[WHAT THIS TASK INVOLVES] Leave out the images and output the records word for word.

──────── DATA PROVIDED ────────

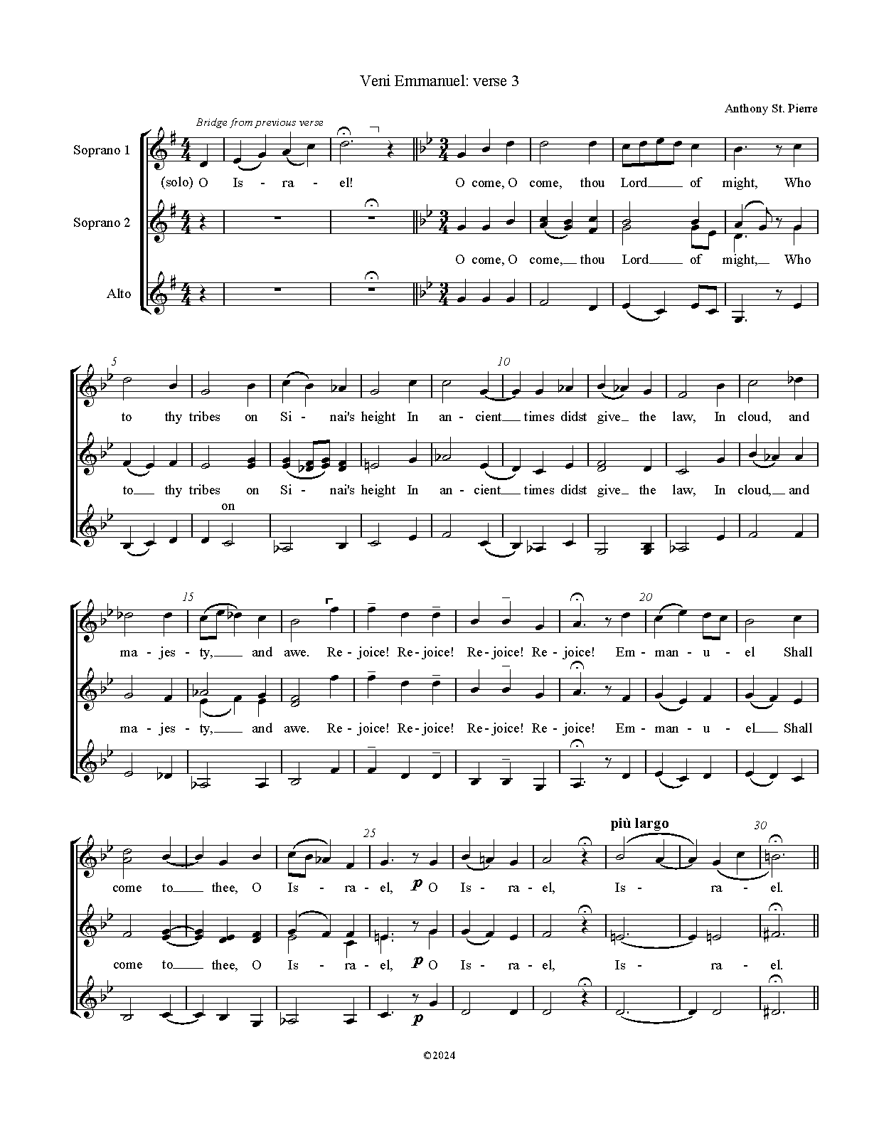 | Extra Information | Three-voice settings of the Advent hymn 'Veni Emmanuel' that may be substituted for verses 3 (SSA) and 5 (TBB). |
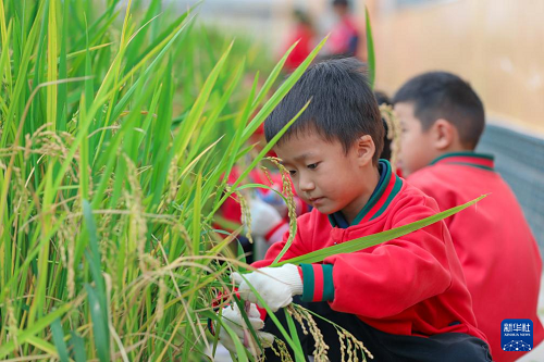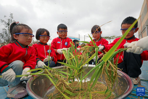 10月15日,云南省曲靖市陸良縣大莫古鎮(zhèn)中心幼兒園的孩子們在校內(nèi)勞動基地體驗(yàn)收稻谷。(新華社發(fā) 王勇 攝)
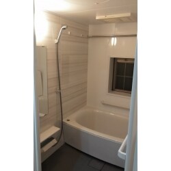 設備も古かったため、設備交換することをご提案させていただきました。 浴槽の素材には、水や汚れをはじきやすい撥水・撥油成分を配合しています。 床は滑りにくく乾きやすい、掃除のしやすいデザインになっています。
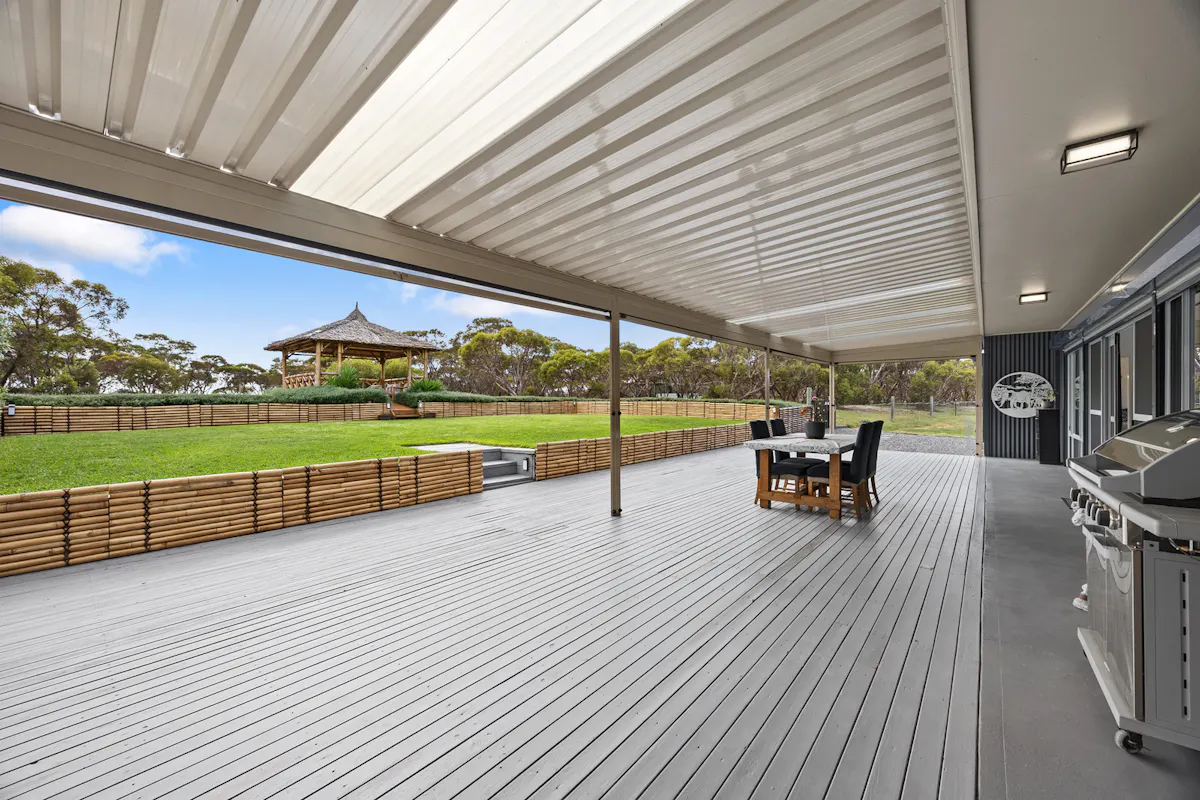 The rear deck, fitted with retractable outdoor blinds, provides a versatile entertaining area overlooking established gardens and the natural landscape, delivering a true lifestyle setting.
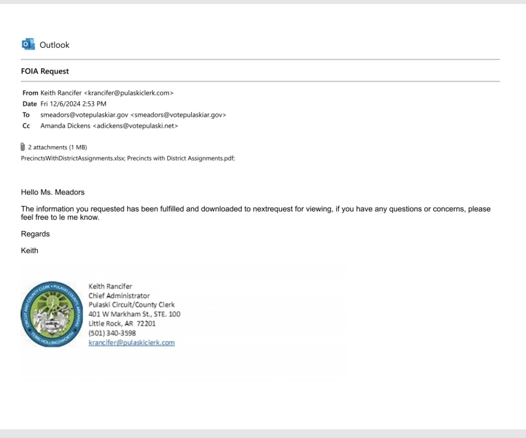 The Reckoning's original request was to view all information in-person to review each time any Pulaski County employee accessed the voter precinct system and to document any other changes, if any exist. To date, the Reckoning has not been able to review that information.
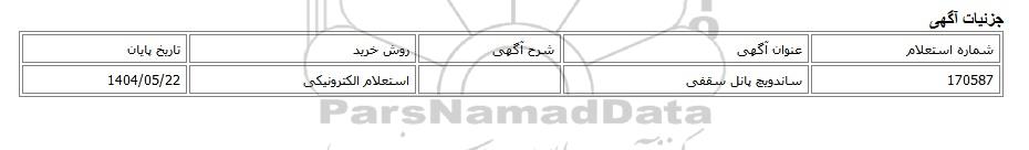 | 170587 | ساندویچ پانل سقفی | استعلام الکترونیکی | 1404/05/22 |
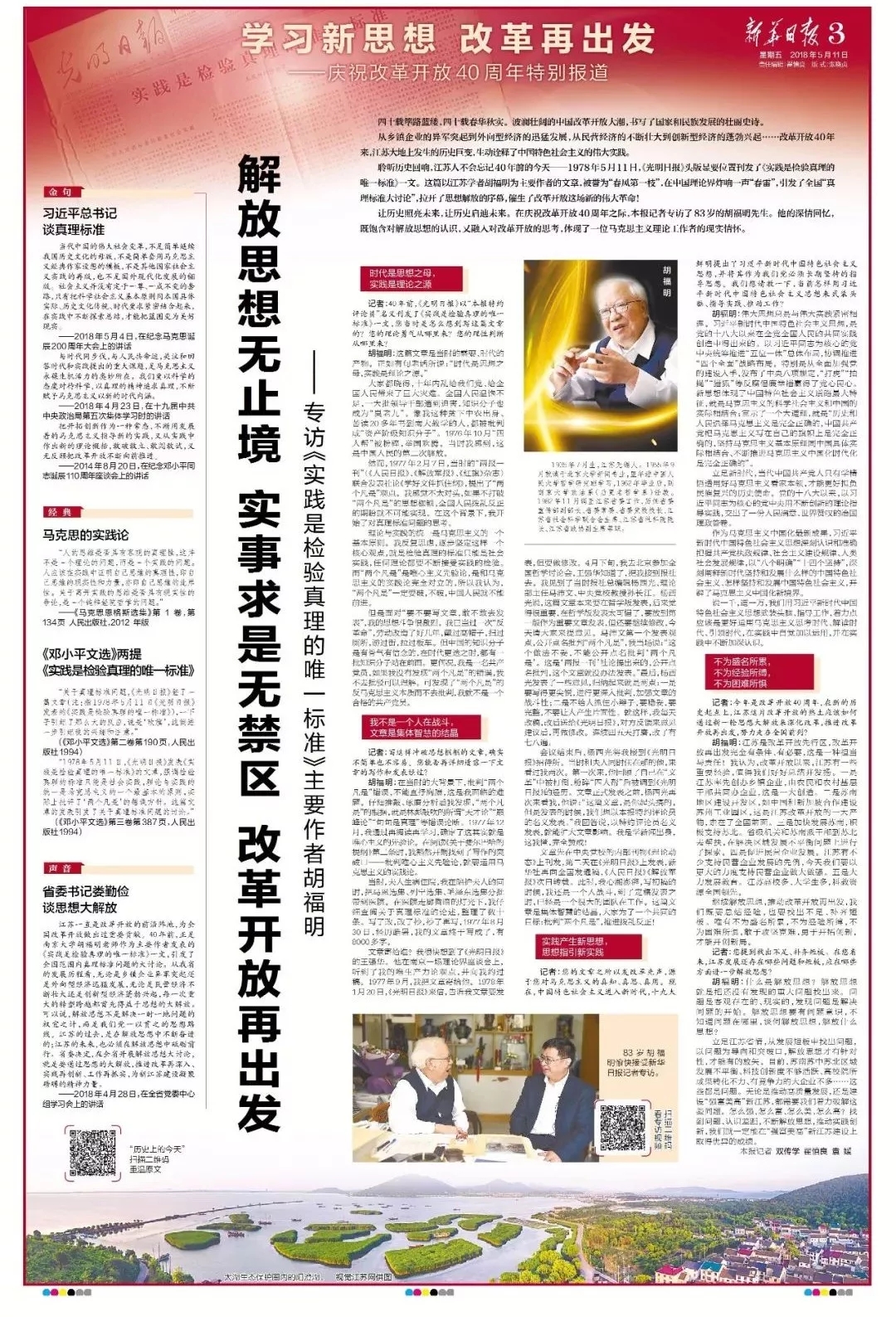40年后的5月11日,《新华日报》以头版中心位置导读加一个整版的篇幅,推出了由新华日报社社长、总编辑双传学带队对胡福明同志的专访《解放思想无止境 实事求是无禁区 改革开放再出发》,新华报业传媒集团旗下报网端微全媒体矩阵同步推送。由此,新华报业庆祝改革开放40年大型全媒体行动正式启动。

────────

[WORKED SOLUTION]
 | Extra Information | Three-voice settings of the Advent hymn 'Veni Emmanuel' that may be substituted for verses 3 (SSA) and 5 (TBB). |
 10月15日,云南省曲靖市陸良縣大莫古鎮(zhèn)中心幼兒園的孩子們在校內(nèi)勞動基地體驗(yàn)收稻谷。(新華社發(fā) 王勇 攝)
 設備も古かったため、設備交換することをご提案させていただきました。 浴槽の素材には、水や汚れをはじきやすい撥水・撥油成分を配合しています。 床は滑りにくく乾きやすい、掃除のしやすいデザインになっています。
 The rear deck, fitted with retractable outdoor blinds, provides a versatile entertaining area overlooking established gardens and the natural landscape, delivering a true lifestyle setting.
 The Reckoning's original request was to view all information in-person to review each time any Pulaski County employee accessed the voter precinct system and to document any other changes, if any exist. To date, the Reckoning has not been able to review that information.
 | 170587 | ساندویچ پانل سقفی | استعلام الکترونیکی | 1404/05/22 |
40年后的5月11日,《新华日报》以头版中心位置导读加一个整版的篇幅,推出了由新华日报社社长、总编辑双传学带队对胡福明同志的专访《解放思想无止境 实事求是无禁区 改革开放再出发》,新华报业传媒集团旗下报网端微全媒体矩阵同步推送。由此,新华报业庆祝改革开放40年大型全媒体行动正式启动。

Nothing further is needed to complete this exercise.